L’évaluation 360° est une méthode d’appréciation d’un manager par différentes personnes. Cette
méthode se différencie donc des autres techniques d’évaluation du personnel car le supérieur
hiérarchique n’est pas le seul évaluateur. Elle a pour but d’évaluer l’ensemble des compétences des
managers, en prenant en compte la complexité de cette fonction. En ce sens, il ne s’agit pas d’une
méthode centrée sur les résultats mais d’une méthode qui intègre des variables comportementales
Les salariés sont invités à évaluer :
- leurs collègues ;
- leurs supérieurs hiérarchiques ;
- un service de leur entreprise ;
- un fournisseur ou un sous-traitant.
Cette méthode d'évaluation est anonyme et proposée aux salariés ayant une ancienneté notable dans
l'entreprise.
Les précautions d’usage pour l’appréciation à 360° :
• Les objectifs de la démarche être clairs et elle-même avec le mode de fonctionnement de
l’organisation ;
• Toutes les garanties de confidentialité et d’anonymat des évaluateurs doivent être réunies;
• Le questionnaire doit être pertinent cohérent avec la valeur de l’organisation et testé;
• Le rapport résultant de la consultation doit être lisible et intelligible;
• Le processus méthodique d’analyse doit déboucher sur un plan de développement efficace
faisant l’objet d’un suivi.
6.5. L’entretien
L'entretien annuel d'évaluation est un rendez-vous souvent incontournable de la fin d’année entre le
manager et ses collaborateurs.

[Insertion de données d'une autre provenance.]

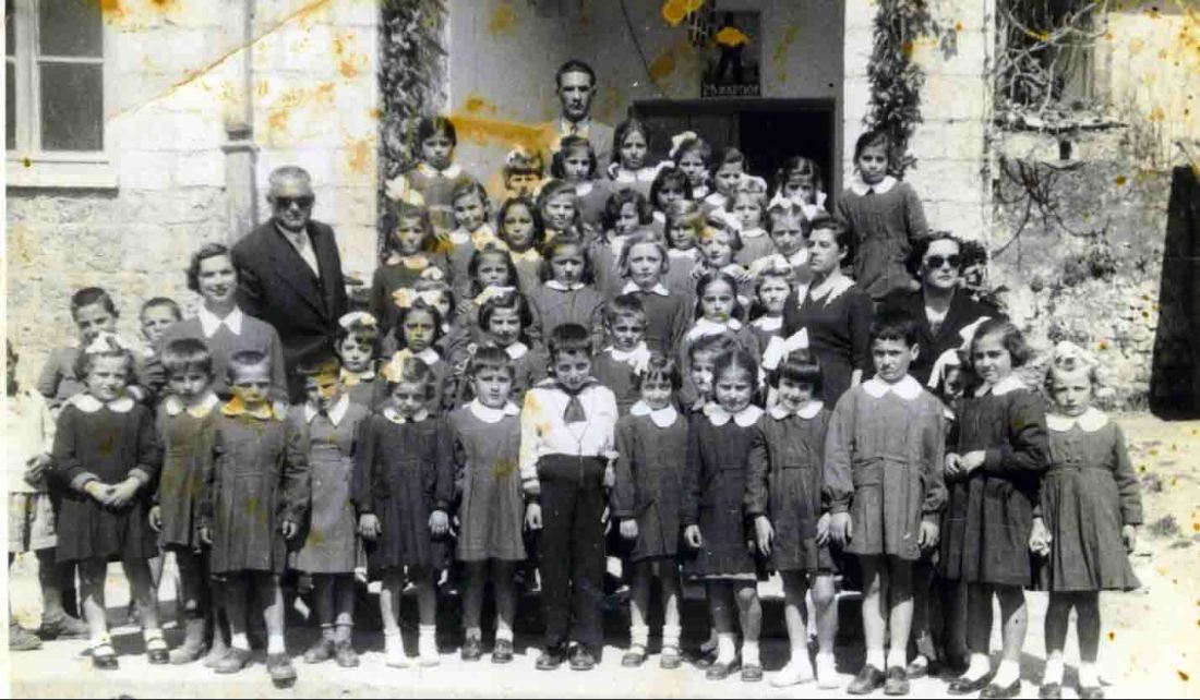 απο το πάνω δημοτικό σχολείο- δεκαετία ’50-, ο δάσκαλος στην κορυφή είναι ο Κώτσης, οι άλλοι δυο δασκαλοι με τα γυαλιά ο Κορδής και η Κορδή- άλλους δεν γνώρισα αν και μια στο κέντρο μοιάζει με την Κούλα του Τσούβαλου…

L’occasion d'évaluer les compétences professionnelles du salarié,
d’identifier ses points forts et ceux à améliorer, de fixer des objectifs pour l’année à venir.
L’entretien d’appréciation doit pouvoir servir aux fins suivantes :
• Analyser les points forts et les points faibles et juger les corrections à apporter pour améliorer
la performance.
• Fournir une information pour décider une promotion, une mutation, une réorientation ou une
séparation.
• Servir de base à la décision d’augmentation de salaire, lorsque la politique prévoit les
rémunérations différentes pour des performances différentes.
• Favoriser une meilleure communication entre le supérieur hiérarchiques et ses collaborateurs.
Quelques pièges fréquents à éviter
• Entretien ou interrogatoire ?
• Entretien d’évaluation ou rituel inutile?
• Évaluation ou résolution de problème?
• Entretien d’évaluation ou dialogue de sourd?
• Entretien d’évaluation ou l’arroseur arrosé? (Renversement des rôles)
• Évaluation personnelle comparée (comparer le collaborateur à ses collèges).